(Supplied data):

= = =

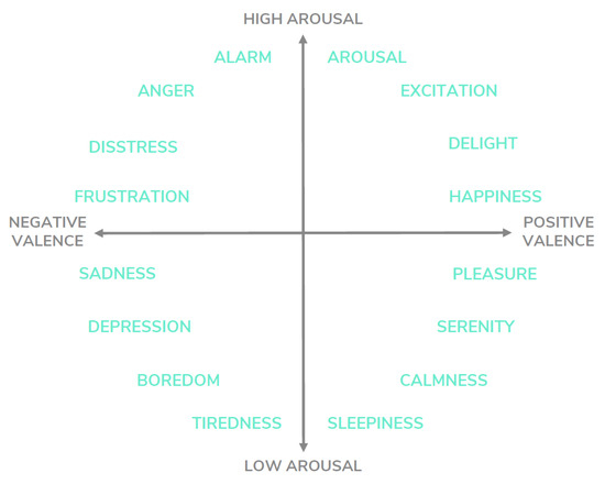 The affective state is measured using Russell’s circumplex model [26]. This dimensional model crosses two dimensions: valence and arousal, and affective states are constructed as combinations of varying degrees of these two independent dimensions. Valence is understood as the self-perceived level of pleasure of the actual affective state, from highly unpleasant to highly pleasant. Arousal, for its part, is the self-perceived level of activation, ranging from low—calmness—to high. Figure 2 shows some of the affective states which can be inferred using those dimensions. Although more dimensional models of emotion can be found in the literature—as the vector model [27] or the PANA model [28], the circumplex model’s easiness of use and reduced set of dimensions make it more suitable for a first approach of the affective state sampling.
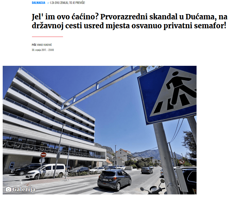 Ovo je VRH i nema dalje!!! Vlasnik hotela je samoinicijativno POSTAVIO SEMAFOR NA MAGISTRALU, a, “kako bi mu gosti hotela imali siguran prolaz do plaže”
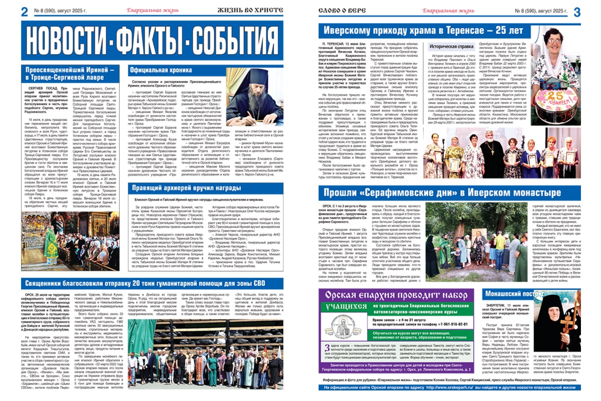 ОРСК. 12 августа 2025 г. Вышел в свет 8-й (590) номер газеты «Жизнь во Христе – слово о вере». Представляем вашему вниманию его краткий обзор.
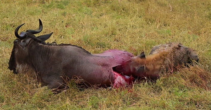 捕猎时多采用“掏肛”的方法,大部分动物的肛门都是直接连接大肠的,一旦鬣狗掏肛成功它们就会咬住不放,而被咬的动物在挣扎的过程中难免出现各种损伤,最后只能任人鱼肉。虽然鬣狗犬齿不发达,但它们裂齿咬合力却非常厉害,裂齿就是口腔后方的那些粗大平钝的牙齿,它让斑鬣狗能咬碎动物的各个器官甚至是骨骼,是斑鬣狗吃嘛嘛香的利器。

= = =

(Exercise aim): Please set the data above down exactly, with the pictures removed.

(Solution for this task):
 The affective state is measured using Russell’s circumplex model [26]. This dimensional model crosses two dimensions: valence and arousal, and affective states are constructed as combinations of varying degrees of these two independent dimensions. Valence is understood as the self-perceived level of pleasure of the actual affective state, from highly unpleasant to highly pleasant. Arousal, for its part, is the self-perceived level of activation, ranging from low—calmness—to high. Figure 2 shows some of the affective states which can be inferred using those dimensions. Although more dimensional models of emotion can be found in the literature—as the vector model [27] or the PANA model [28], the circumplex model’s easiness of use and reduced set of dimensions make it more suitable for a first approach of the affective state sampling.
 Ovo je VRH i nema dalje!!! Vlasnik hotela je samoinicijativno POSTAVIO SEMAFOR NA MAGISTRALU, a, “kako bi mu gosti hotela imali siguran prolaz do plaže”
 ОРСК. 12 августа 2025 г. Вышел в свет 8-й (590) номер газеты «Жизнь во Христе – слово о вере». Представляем вашему вниманию его краткий обзор.
 捕猎时多采用“掏肛”的方法,大部分动物的肛门都是直接连接大肠的,一旦鬣狗掏肛成功它们就会咬住不放,而被咬的动物在挣扎的过程中难免出现各种损伤,最后只能任人鱼肉。虽然鬣狗犬齿不发达,但它们裂齿咬合力却非常厉害,裂齿就是口腔后方的那些粗大平钝的牙齿,它让斑鬣狗能咬碎动物的各个器官甚至是骨骼,是斑鬣狗吃嘛嘛香的利器。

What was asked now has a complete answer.